EA.hy926 and HUVEC cell lines respond differently to the senolytic drug ABT-263. Both EA.hy926 cells and HUVECs were treated with DOX (0.5 µM) for 24 h or left untreated (control cells). Three days post DOX exposure, DOX-treated and control cells were treated with ABT-263 (0.1 µM) for 6 h. Thereafter, expression levels of the apoptotic markers cleaved caspase-3 and cleaved PARP in EA.hy926 cells (A,B, respectively) and HUVECs (C,D, respectively) were measured via Western blotting (n = 4–6). Values are presented as means ± SEM. Data were analyzed by one-way ANOVA followed by Dunnet’s multiple comparisons test. Note: * p < 0.05, ** p < 0.01, *** p < 0.001, **** p < 0.0001.

Figure 7

EA.hy926 and HUVECs demonstrate differential protein expression of the BCL-2 family following DOX treatment.

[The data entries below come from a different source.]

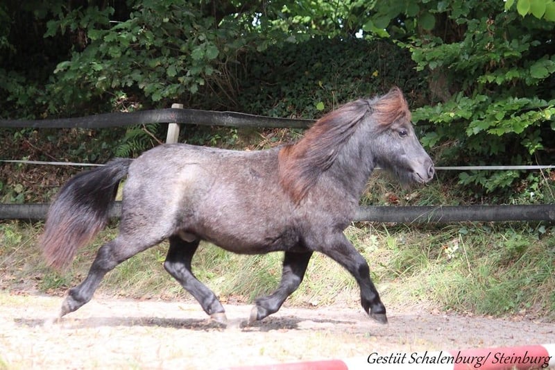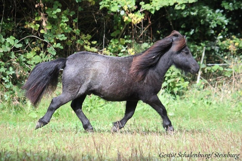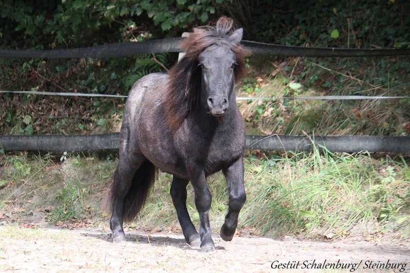 Steinburgs Nepomuk is een vriendelijke en open jonge ruin. Hij is geboren in augustus 2024 en zal een eindmaat bereiken van ongeveer 95-100 cm. Hij kent alles wat een pony van deze leeftijd zou moeten kennen. Daarbij is hij een absolute voorbeeldleerling. Hij laat zich probleemloos laden, vastzetten en het hooi geven vormt geen enkel probleem. Nepomuk leeft momenteel in een grote hengstenhengstengroep, waarin hij gewoon pony mag zijn. In augustus was hij een week thuis op de stal (in verband met castratie), wat hij ook probleemloos heeft doorstaan. Hij is goed geïntegreerd in de groep en beschikt over een goed sociaal gedrag. Nepomuk is aanvankelijk wat terughoudend, maar komt daarna los en staat graag open voor contact met mensen. Beide ouders hebben een geweldig karakter en tonen zich zeer bereid tot prestaties (wagen, dressuur). Dit zien we ook al bij de kleintjes. Hij heeft een eerlijk karakter en zal zeker interessant worden voor gezamenlijke arbeid. Hij kan graag persoonlijk worden ontmoet (net als zijn ouders en broers/zussen). Op verzoek kan hij, tegen vergoeding, nog bij ons blijven voor de opfok. Natuurlijk worden zijn hoeven regelmatig geschoren en wordt hij regelmatig ontwormd. Verkoop alleen als hij ook in de toekomst een passend speelkameraadje heeft. Alle verdere informatie graag op aanvraag.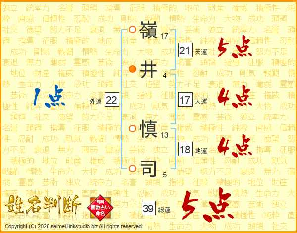 嶺(17画)井(4画) 慎(13画)司(5画)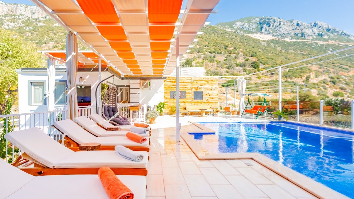 Havuzlu Kiralık Villa Doğa İle İç İçe Muhafazakar Kiralık Villa Kaş Kiralık Villa Kalabalık Aileler İçin Uygun Villa Antalya Kiralık Villa Jakuzili Muhafazakar Villa Dağ Manzaralı Kalkan Kiralık Villa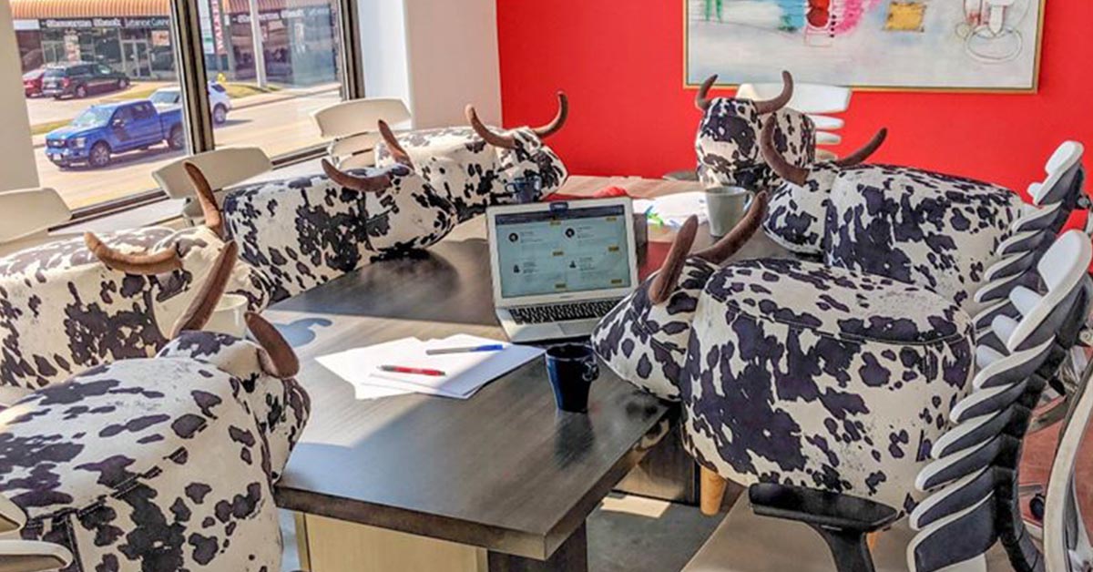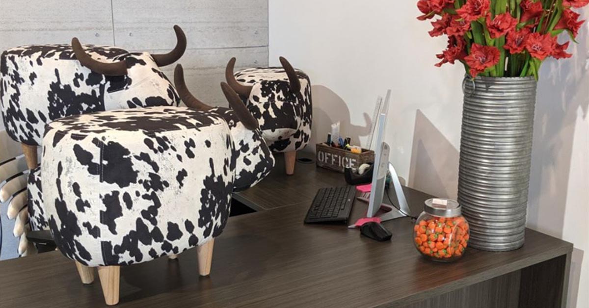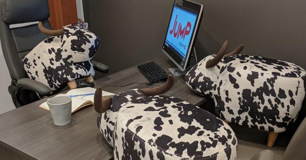 One of the crowd favourite features of this office is our black and white cows that are always #uptonogood. You will never see these guys in the same position twice. They are always herding around the office seeing what they can get into next. Clients, friends, and family are always on the lookout for the cows the second they step foot into the hub. The Jump hub cows make our office a #reallifetoystory.

Both EA.hy926 cells and HUVECs were treated with 0.5 µM DOX for 24 h. Three days post DOX exposure, cells were harvested and total protein was extracted. Thereafter, protein expression levels of the BCL-2 family including anti-apoptotic members (BCL-2, BCL-xL, and BCL-W) and pro-apoptotic members (BAK and BAX) in (A) EA.hy926 cells and (B) HUVECs were measured via Western blotting (n = 4–6). Representative images of Western blots are shown. Values were normalized to α-tubulin and expressed relative to control cells. Values are presented as means ± SEM. Data were analyzed by unpaired two-tailed t-test. Note: * p < 0.05, ** p < 0.01, *** p < 0.001, **** p < 0.0001.

Figure 8

EA.hy926 cells and HUVECs respond differently to the BCL-2-selective inhibitor venetoclax. Both EA.hy926 cells and HUVECs were treated with DOX (0.5 µM) for 24 h to establish the senescence phenotype or left untreated. Three days post DOX exposure, DOX-treated and untreated cells were incubated with 10 µM venetoclax for 24 h. Thereafter, the cell viability was measured using MTT assays in both cell lines. The cell viability was calculated relative to control wells and expressed as a percentage. Note: * p < 0.05, compared to untreated treatment of the same cell line; # p < 0.05, compared to EA.hy926 cells of same treatment by two-way ANOVA with Tukey’s post hoc analysis. Values are presented as means ± SEM.